▸ **Your goal**
This task calls for the lines below starting at the one containing "從十字路口向南約450米長的" and ending at the one containing "Figure2: Sustainable fuel", repeated exactly with both ends kept and pictures left out.

▸ **Given records**
*** Begin section ***
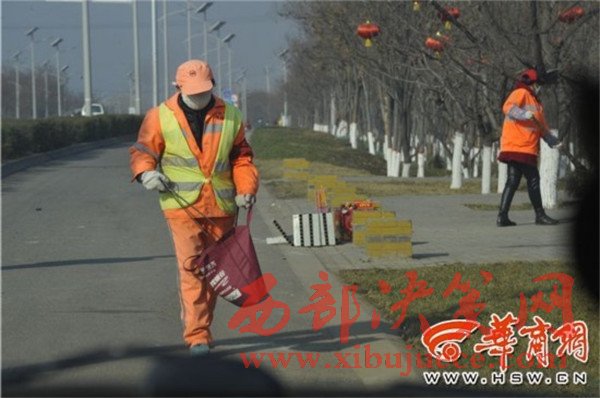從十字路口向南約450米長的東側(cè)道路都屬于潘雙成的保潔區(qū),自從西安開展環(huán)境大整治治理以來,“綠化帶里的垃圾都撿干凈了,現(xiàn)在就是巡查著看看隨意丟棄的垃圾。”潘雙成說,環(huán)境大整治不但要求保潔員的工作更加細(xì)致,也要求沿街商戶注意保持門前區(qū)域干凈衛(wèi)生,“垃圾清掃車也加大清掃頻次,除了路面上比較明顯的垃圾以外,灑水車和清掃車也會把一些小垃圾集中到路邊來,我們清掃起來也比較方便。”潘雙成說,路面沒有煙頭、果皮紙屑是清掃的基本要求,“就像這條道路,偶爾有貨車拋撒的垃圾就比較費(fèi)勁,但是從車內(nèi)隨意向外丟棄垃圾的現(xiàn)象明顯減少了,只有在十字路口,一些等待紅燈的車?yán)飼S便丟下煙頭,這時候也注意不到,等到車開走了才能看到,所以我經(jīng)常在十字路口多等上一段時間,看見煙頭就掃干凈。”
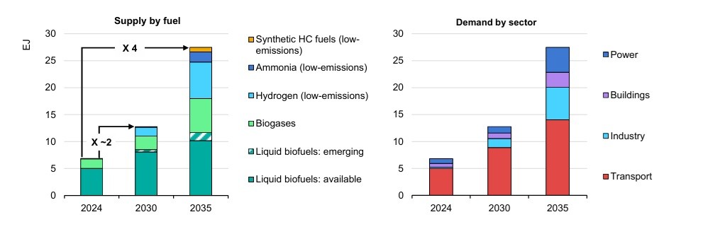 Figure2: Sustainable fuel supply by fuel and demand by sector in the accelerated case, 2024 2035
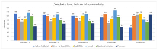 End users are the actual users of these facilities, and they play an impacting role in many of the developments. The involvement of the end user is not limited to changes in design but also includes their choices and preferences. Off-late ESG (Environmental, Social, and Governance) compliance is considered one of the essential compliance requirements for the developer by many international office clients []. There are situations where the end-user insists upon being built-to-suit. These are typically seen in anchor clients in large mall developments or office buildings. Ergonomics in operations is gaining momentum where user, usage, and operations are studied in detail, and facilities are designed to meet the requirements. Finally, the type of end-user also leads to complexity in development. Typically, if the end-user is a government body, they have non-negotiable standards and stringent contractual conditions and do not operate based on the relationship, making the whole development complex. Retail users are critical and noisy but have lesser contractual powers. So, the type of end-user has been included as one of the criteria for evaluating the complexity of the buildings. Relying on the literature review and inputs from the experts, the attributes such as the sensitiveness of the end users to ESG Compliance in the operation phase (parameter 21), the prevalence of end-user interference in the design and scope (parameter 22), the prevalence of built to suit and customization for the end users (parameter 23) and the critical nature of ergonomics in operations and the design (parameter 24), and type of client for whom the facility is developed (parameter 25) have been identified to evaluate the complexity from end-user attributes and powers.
*** End section ***
*** Begin section ***
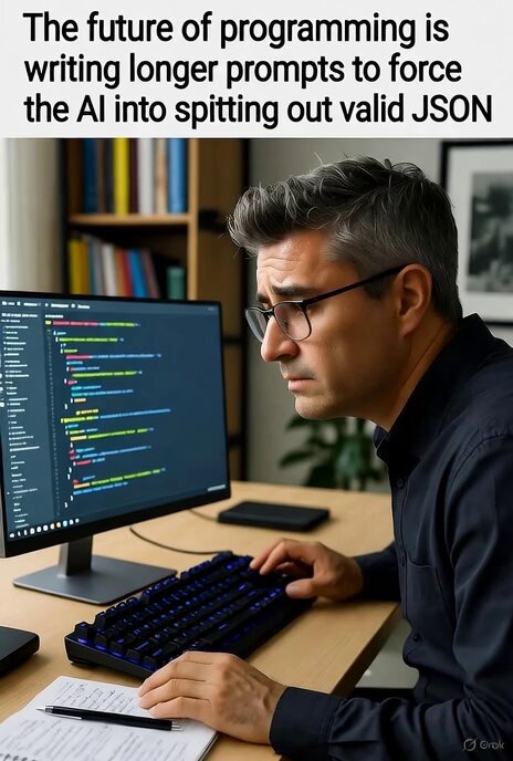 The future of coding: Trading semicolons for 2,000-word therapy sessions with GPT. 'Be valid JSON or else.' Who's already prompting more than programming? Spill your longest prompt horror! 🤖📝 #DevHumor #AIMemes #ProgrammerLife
*** End section ***
*** Begin section ***
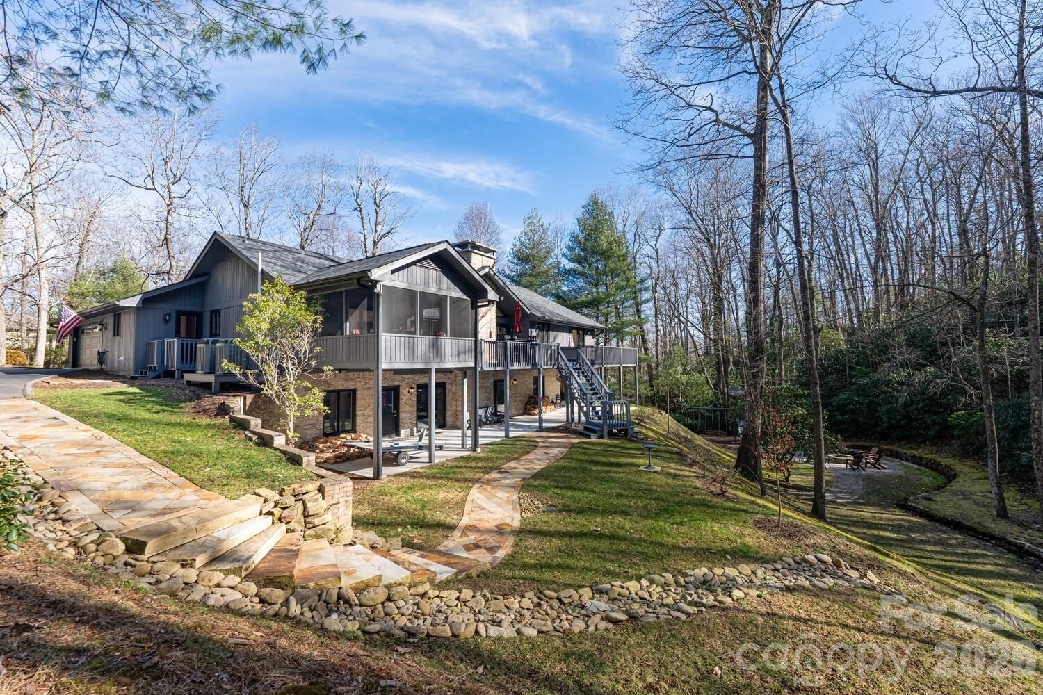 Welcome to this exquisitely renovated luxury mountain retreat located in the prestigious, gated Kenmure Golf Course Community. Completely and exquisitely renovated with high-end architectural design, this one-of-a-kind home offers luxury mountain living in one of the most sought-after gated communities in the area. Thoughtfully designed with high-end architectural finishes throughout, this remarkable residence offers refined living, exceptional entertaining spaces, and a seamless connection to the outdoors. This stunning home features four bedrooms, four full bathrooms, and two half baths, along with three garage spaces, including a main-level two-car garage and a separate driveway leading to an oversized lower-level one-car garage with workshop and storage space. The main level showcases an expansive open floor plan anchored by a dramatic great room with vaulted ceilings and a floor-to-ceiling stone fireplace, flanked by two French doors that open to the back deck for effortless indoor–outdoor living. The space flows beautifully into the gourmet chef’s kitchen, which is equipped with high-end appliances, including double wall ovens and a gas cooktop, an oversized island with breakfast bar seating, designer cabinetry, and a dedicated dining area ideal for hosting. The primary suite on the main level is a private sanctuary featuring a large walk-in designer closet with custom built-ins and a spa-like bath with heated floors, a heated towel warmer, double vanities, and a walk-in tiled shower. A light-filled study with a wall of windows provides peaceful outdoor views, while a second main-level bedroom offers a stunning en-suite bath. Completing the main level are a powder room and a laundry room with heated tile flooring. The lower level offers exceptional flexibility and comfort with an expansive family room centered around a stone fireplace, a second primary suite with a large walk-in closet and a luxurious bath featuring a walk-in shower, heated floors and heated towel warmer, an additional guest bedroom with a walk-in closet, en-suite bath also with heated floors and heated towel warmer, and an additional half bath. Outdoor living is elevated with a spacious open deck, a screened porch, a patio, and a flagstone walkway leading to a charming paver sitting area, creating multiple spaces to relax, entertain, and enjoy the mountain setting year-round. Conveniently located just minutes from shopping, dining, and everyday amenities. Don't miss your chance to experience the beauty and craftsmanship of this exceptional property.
*** End section ***
▸ **Solved problem**
從十字路口向南約450米長的東側(cè)道路都屬于潘雙成的保潔區(qū),自從西安開展環(huán)境大整治治理以來,“綠化帶里的垃圾都撿干凈了,現(xiàn)在就是巡查著看看隨意丟棄的垃圾。”潘雙成說,環(huán)境大整治不但要求保潔員的工作更加細(xì)致,也要求沿街商戶注意保持門前區(qū)域干凈衛(wèi)生,“垃圾清掃車也加大清掃頻次,除了路面上比較明顯的垃圾以外,灑水車和清掃車也會把一些小垃圾集中到路邊來,我們清掃起來也比較方便。”潘雙成說,路面沒有煙頭、果皮紙屑是清掃的基本要求,“就像這條道路,偶爾有貨車拋撒的垃圾就比較費(fèi)勁,但是從車內(nèi)隨意向外丟棄垃圾的現(xiàn)象明顯減少了,只有在十字路口,一些等待紅燈的車?yán)飼S便丟下煙頭,這時候也注意不到,等到車開走了才能看到,所以我經(jīng)常在十字路口多等上一段時間,看見煙頭就掃干凈。”
 Figure2: Sustainable fuel supply by fuel and demand by sector in the accelerated case, 2024 2035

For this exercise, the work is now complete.